Педус зыркнул косо и вытолкнул из-за стола Оську Гершзона.
— Сегодня трагический день в моей жизни, — сказал он актерским голосом с выжатой слезой. — Ничего нет горше, чем терять друзей. Сегодня для меня умерла Ула Гинзбург. Да — да, умерла — хотя вот она сидит рядом, дышит, двигается, но она уже умерла. Я предпочитаю думать так, нежели знать, что она изменила нашим общим идеалам. Я пойду на кладбище и зарою ее фотографию в могиле моей матери. Так будет легче… Так мне будет легче продолжать жизнь и отстаивать каждый день наши жизнеутверждающие принципы… И своим скромным трудом укреплять неразрывные братские узы, связывающие талантливый еврейский народ с трудолюбивыми народами Советского Союза…
Забавно, что этот картавый парх с местечковым акцентом не умеет говорить по-еврейски. Он еле-еле понимает на идиш, и этому, наверное, научился в какой-нибудь закрытой спецшколе. Пусть хоронит, живет, укрепляет, меня здесь нет.
— …ничего нет хуже неблагодарности! — распинался Гершзон. — Мы всем в жизни обязаны нашей власти, и укусить руку, заботливо выкормившую нас, — нет хуже греха! И как выкормившую! Где еще в мире евреи достигли таких общественных высот, такого признания, такого имущественного благополучия, как у нас в стране!..
Я перехватила брошенный на него Светкой Грызловой взгляд и окончательно утвердилась в мысли, что евреев, подобных Гершзону, засылал к нам Гитлер для возбуждения массового антисемитизма среди русского народа.
Именно грязная болтовня Гершзона вызывала у меня наибольшее чувство униженности и боли. Меня почему-то совсем не трогали хулиганские выходки Педуса и Бербасова — я знала, что мне нужно только молчать и все запоминать. Они меня не могут ничем оскорбить, как не может человека оскорбить верблюд своим плевком. В моем спасительном безразличии к их нападкам открывалась мне великая тайна ненавистного издревле гонителям еврейского высокомерия. Гордость обретенного достоинства ничем не унизишь. Мне медленно, но ясно открывался спасительный смысл страдания и горечи, как обязательных ступеней восхождения души.
Восхождение! Алия! На иврите восхождение значит алия! Вот откуда возникло слово «алия», обозначающее сейчас воссоединение евреев на своей земле!
Алия — возвращение на свою землю, восхождение на нее!

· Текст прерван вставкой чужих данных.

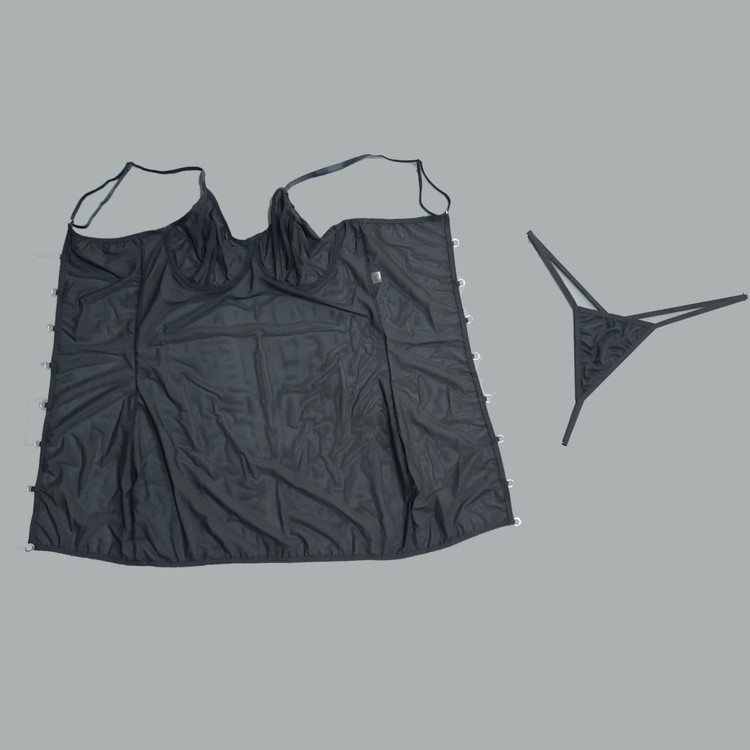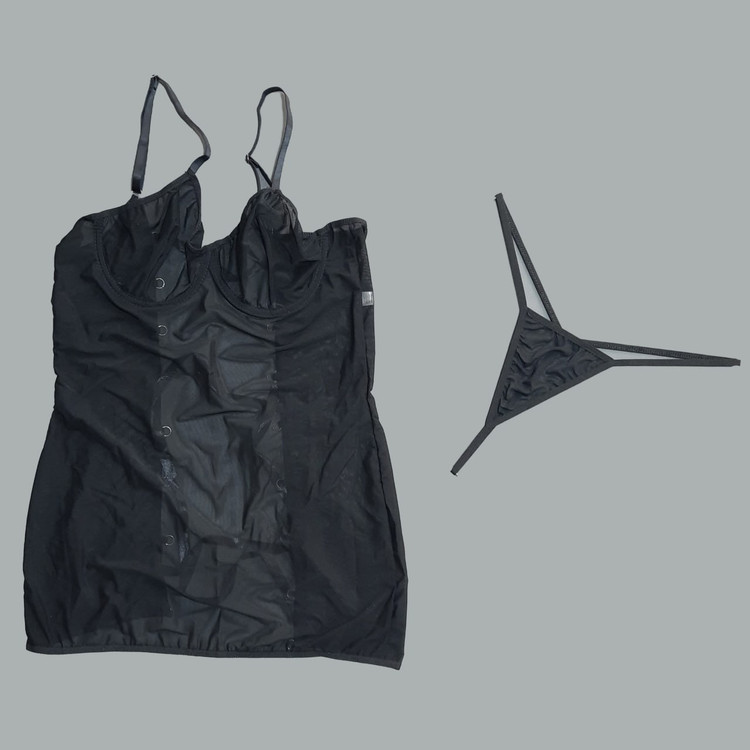 بادی توری فانتزی زنانه مشکی با بند ضربدری پشت و سوتین فنردار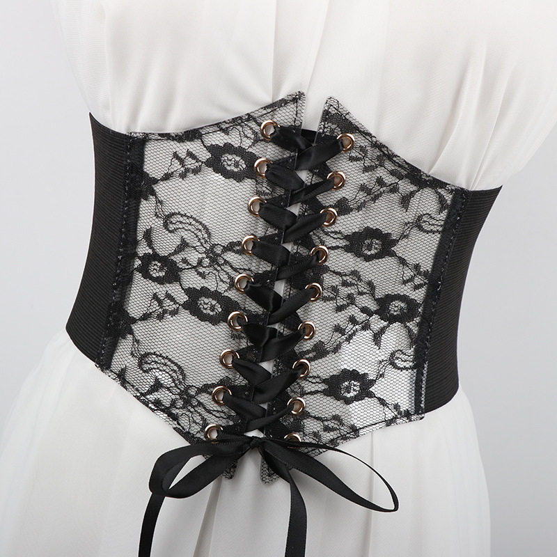 透明蕾丝腰封配连衣裙束腰外穿裙子配饰紫色宽腰带装 Lolita 饰衬衫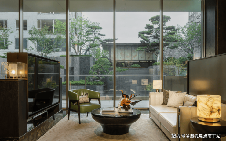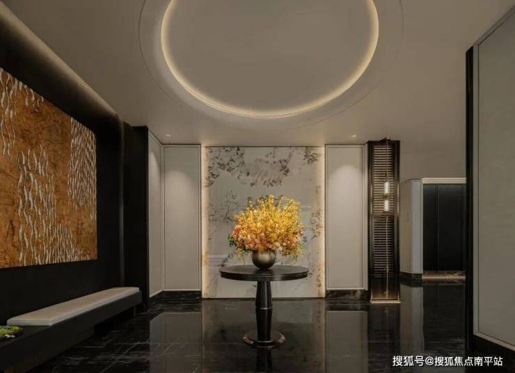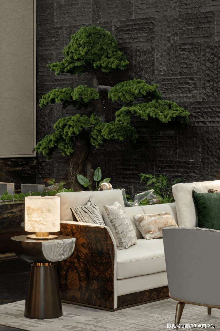 删繁就简,唯余通透,环形灯带与壁灯以光裹住场域,柔光掠过微景绿植与碎石造景,将园林的松弛隐入现代材质的精致——是轻奢的仪式感,也是禅意的静。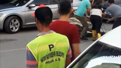 ( HATAY )- Uyuşturucu iğne atan tabancayla vurularak uyutulan angus iş makinesiyle kent merkezinden götürüldü.- Vatandaşlar bir yandan kaçarken bir yandan da cep telefonlarıyla olayı kayda aldı HATAY
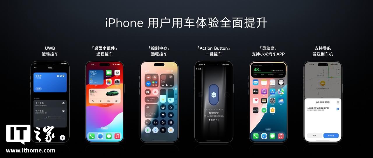 其他方面,小米汽车利用 iPhone 硬件能力,落地 UWB 超宽带数字钥匙;可通过锁屏组件、桌面小组件、Action Button、Siri 控车;系统可自动精准识别用户分享至车机的图片地址信息,并发起精准导航;可通过小米手表或者 Apple Watch 解锁车辆、开启空调、查看车位;可用 iPad 进行车控调节等。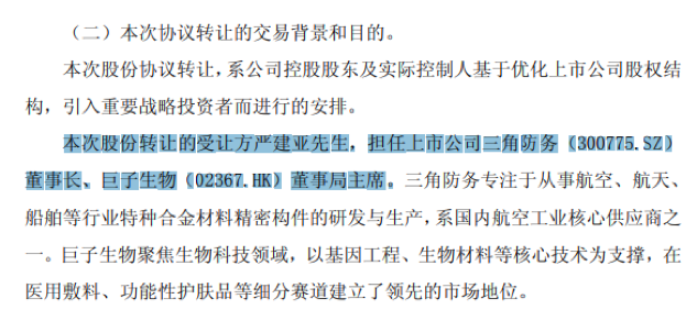 以三人行12月1日收盘价31.19元/股计算,此次转让单价较市价折价约14.2%。本次权益变动完成后,严 建亚将成为三人行控股股东及其一致行动人之外的第二大股东。 三人行表示,此次股份转让系公司控股股东及实际控制人基于优化上市公司股权结构,引入重要战略投 资者而进行的安排。 跃升为三人行第二大股东 严建亚为资本市场"熟客"。他与配偶范代娣共同控制着三角防务和巨子生物(02367.HK)两家上市公 司。其本人担任三角防务董事长、巨子生物董事局主席。 三角防务(300775)董事长严建亚拟以4.51亿元,受让三人行(605168)8%的股份,进而跃居三人行 第二大股东。 图片来源:公司公告 12月1日晚,三人行公告披露,公司控股股东青岛多多行投资有限公司(简称"青岛多多")、实际控制 人钱俊冬、崔蕾及一致行动人北京华软新动力私募基金管理有限公司(代表"新动力大运量化FOF2号私 募证券投资基金")(简称"华软动力")与严建亚签署了《股份转让协议》。协议约定,转让方拟将其 合计持有的约1686.54万股公司无限售条件流通股,以26.76元/股的价格协议转让给严建亚,转让总价款 合计约4.51亿元。 本次入股三人行, ...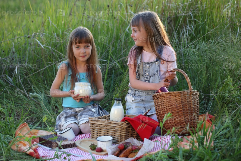 Две девочки сидят на пледе в траве. Пикник

И мне очень досаждал в моем восхождении Гершзон. Откуда вы беретесь? Как вы становитесь такими? За какую чечевичную похлебку продаете первородство? Что произошло в твоих куриных мозгах, когда ты перелицевал первосвященнический плащ нашего народа в шутовской наряд рыжего, чтобы смешнее и жальче кувыркаться в пыли и плевках перед равнодушными и жестокими глазами зевак?

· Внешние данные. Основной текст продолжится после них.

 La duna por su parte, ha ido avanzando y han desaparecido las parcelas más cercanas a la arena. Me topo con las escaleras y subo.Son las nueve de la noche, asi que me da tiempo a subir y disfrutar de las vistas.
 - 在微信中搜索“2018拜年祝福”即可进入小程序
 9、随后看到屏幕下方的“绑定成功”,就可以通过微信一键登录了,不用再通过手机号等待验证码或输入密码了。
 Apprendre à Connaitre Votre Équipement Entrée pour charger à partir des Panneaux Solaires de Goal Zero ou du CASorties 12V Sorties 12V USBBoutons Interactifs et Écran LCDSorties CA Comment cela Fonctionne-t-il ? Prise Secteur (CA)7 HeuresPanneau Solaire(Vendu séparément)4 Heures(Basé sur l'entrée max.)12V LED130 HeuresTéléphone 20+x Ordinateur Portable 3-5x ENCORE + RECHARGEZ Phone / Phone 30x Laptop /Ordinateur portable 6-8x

— …нигде и никогда еврейский народ не достигал такой культурной и духовной значительности, как в нашей свободной стране! — убеждал слушателей Гершзон, а они брезгливо улыбались, находя в нем подтверждение своим представлениям о евреях как о жалкой и безродной нации.

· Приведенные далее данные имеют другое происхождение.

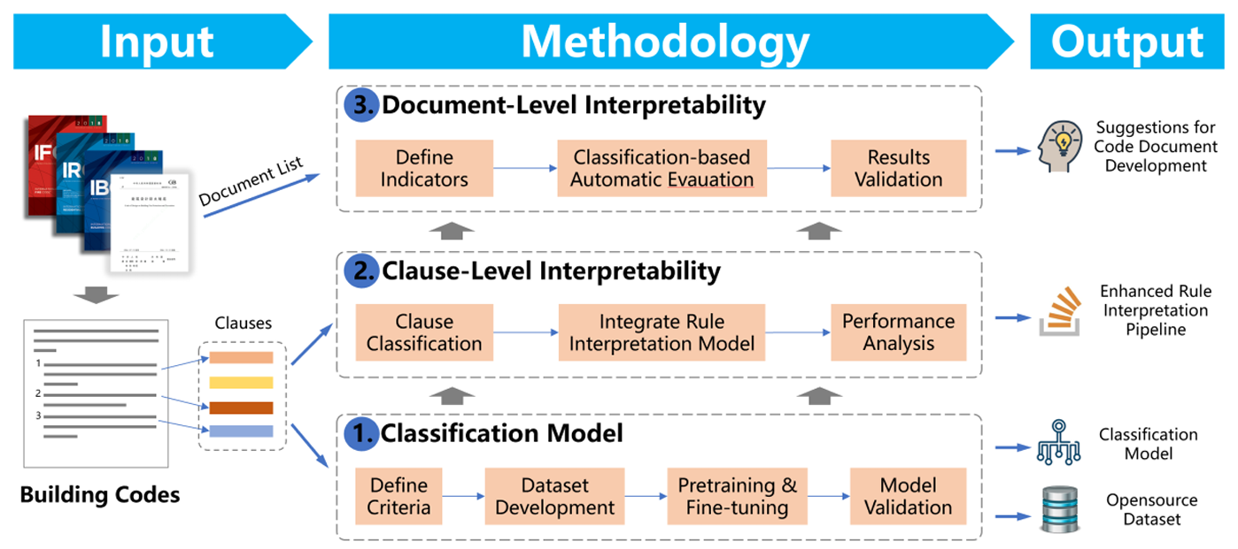 提出文档级量化指标,实现单条款和建筑规范整体可解释性评估,应用于150余部中国建筑规范。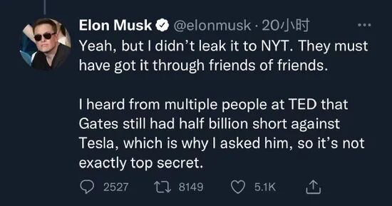 马斯克提及,他在TED那边听到有人传言比尔盖茨在做空特斯拉股票,所以就亲自向当事人求证了一下,而聊天记录可能是朋友泄露的。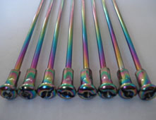 摩托車輻條的制作工藝:先選用優質輻條鋼絲(橫截面形狀:圓形截面尺寸:3.5(mm)長度:任意(m)重量:任意(kg/km)抗拉強度:10000(MPa))盤鋼形式,放在輻條機旁。把輻條鋼絲穿過輻條機,啟動輻條機,通過對輻條鋼絲的調直,切斷,彎頭,彭頭,攻絲,幾個過程,摩托車輻條的半成品就出來了,再經過淬火,鍍鉻,檢驗,涂油,包裝,摩托車輻條的成品就出來了。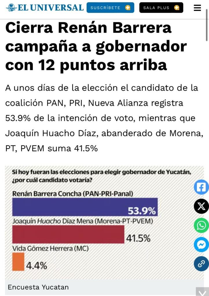 En sus redes sociales, Renán Barrera Concha, candidato común a la gubernatura del PAN, PRI y Nueva Alianza, difundió una encuesta del periódico capitalino “El Universal”, según la cual, a unos días de la elección el panista se mantiene sólido y consistente en las preferencias de los electores yucatecos.

Господи, порази его немотой!
— …нигде и никогда евреи не найдут себе более прекрасной и свободной отчизны, нигде их будущее не будет таким ясным и светлым, как здесь, нигде у них нет другой Родины…
Эх, ты, глупый, красный Исав! Если бы ты не сделал свое еврейство плохо оплачиваемой профессией, ты бы знал свою историю и знал бы, что не тебе первому принадлежат эти уверения и надежды. Мы, евреи, хорошо помним твоих предтеч. Не меняются только Педусы и Бербасовы, а твое место за трибунальским столом легко заместить Якобом Франком, кабы он не помер два века назад. Похотливый вероотступник, он устраивал под покровительством католических попов диспуты с раввинами о крахе Талмуда, о наступающем мире «эманации» и о Польше, ставшей для нас землей обетованной вместо Палестины. Он тоже всегда побеждал в этих диспутах — оппонентов сажали в тюрьму, талмуд сжигали, а Франк, в конце концов, перешел в христианство и стал лютым гонителем своих вчерашних соплеменников. Не знаю, хоронил ли он их портреты в могиле своей почтенной мамы, но от таких глупостей был совсем свободен другой твой предшественник, открыватель святых земель в чужих нам отечествах — циник-просветитель Давид Фридлендер, который повелел всем евреям молиться только о благополучии Пруссии, где будущее евреев, ясное и светлое, сулило им успокоение от всех невзгод, утоление печалей и полную духовную и государственную свободу.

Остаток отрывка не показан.